There is another option. An Nvidia DGX A100 system, using eight “Ampere” A100 GPUs interlinked at their memories, had a list price of $199,000, and it is probably closer to $175,000 on the street from an OEM. The A100s came with 80 GB options, so that can fit the RFP. When you do the math, 165 nodes of the HGX A100 with a server host would cost $28.9 million for the system without the InfiniBand switches and cables. But that is an N-2 system – not something to brag about even if it is compatible with the existing Leonardo booster module.
That Ampere cluster of 165 nodes would do about a quarter of the AI work as a cluster of Blackwell nodes at any given precision they each had, and more as you move down to lower resolution floating point math to boost effective throughout. The memory capacity of the Blackwell GPUs is around 3X, which means you could buy a third fewer nodes to get the same model parameters in memory.
One last option is to go to AMD and try to get “Antares” Instinct MI300X GPU accelerators and maybe “Genoa” Epyc 9004 processors for the LISA cluster. We estimated that an eight-way node configured with the same 1 TB of memory and the same flash storage and network interfaces would cost maybe $290,000. A 165-node cluster based on these AMD compute engines (but not including the switches and cables) would cost $48.7 million, and Italy would have to cough up an extra $17.5 million for the over budget.
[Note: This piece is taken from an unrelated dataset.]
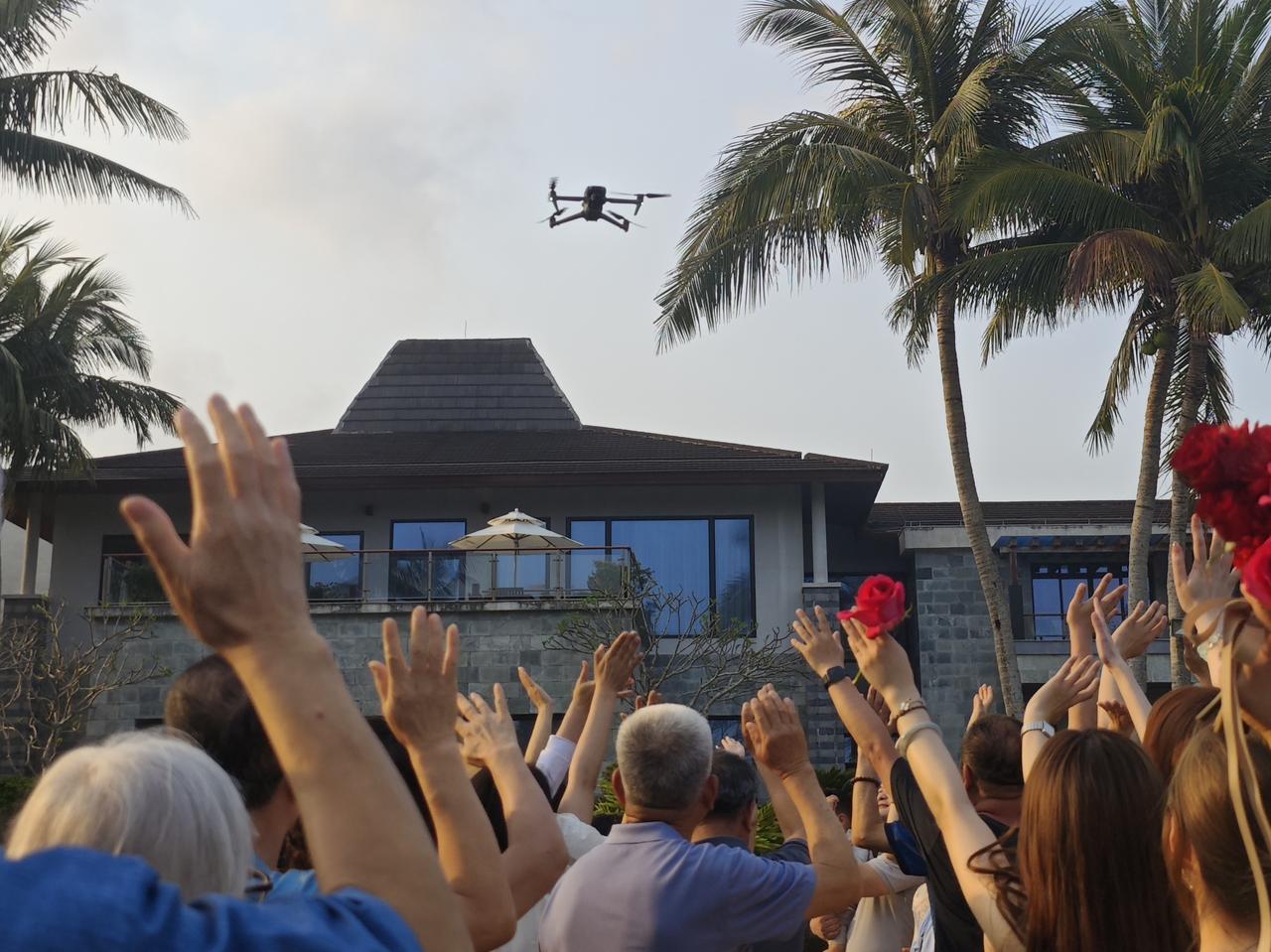 来宾们面朝大海,听着涛声,见证新人的幸福时刻。

That system would have $192 GB per GPU and have about the same AI inference and training performance as the H200 with 141 GB, based on the current software performance for the AMD stack.
We are not sure why the folks at EuroHPC JU and CINECA think they can get GPU accelerated systems for less money than we have outlined above, or why they set the node count at 165 rather than ask for a specific peak performance at FP16 and FP64 precision and then see how many nodes it would take to reach it at a given cost.
The requirements in the LISA RFP and the reality of GPU pricing have a very big impedance mismatch. We think that HPC shops are so used to being able to get systems at cost – or below – that they think this is normal. If it was, it surely isn’t anymore.
I hope they don’t add a Caravaggio to the mix.
Interesting analysis! It seems that based on price, the A100-based system (similar tech to that already in Leonardo) would be just about the only choice (at 165 nodes), which is unfortunate given the improvements brought by Hopper and Blackwell. There’s also a power consumption limit in the “bidding requirements” of 1.2 MW IT in operation (and 1.6 MW during acceptance — sections 3.3.2-1, 3.3.2-2) which could limit options (again at 165 nodes). If the DGX H100/200 is 10.2 kW, then 165 nodes of that will work only during acceptance (plus be too expensive).
I’m with you then that it would be more sensible to specify a target “specific peak performance” than a set number of nodes. Just 70 nodes of Blackwells for example would probably give them better oomph at lower power than 165 nodes of A100s, at the same cost. It would also leave some room available in the floor plan where the heat generated could be used to cook local pasta, some ragù bolognese for example (eh-eh-eh!).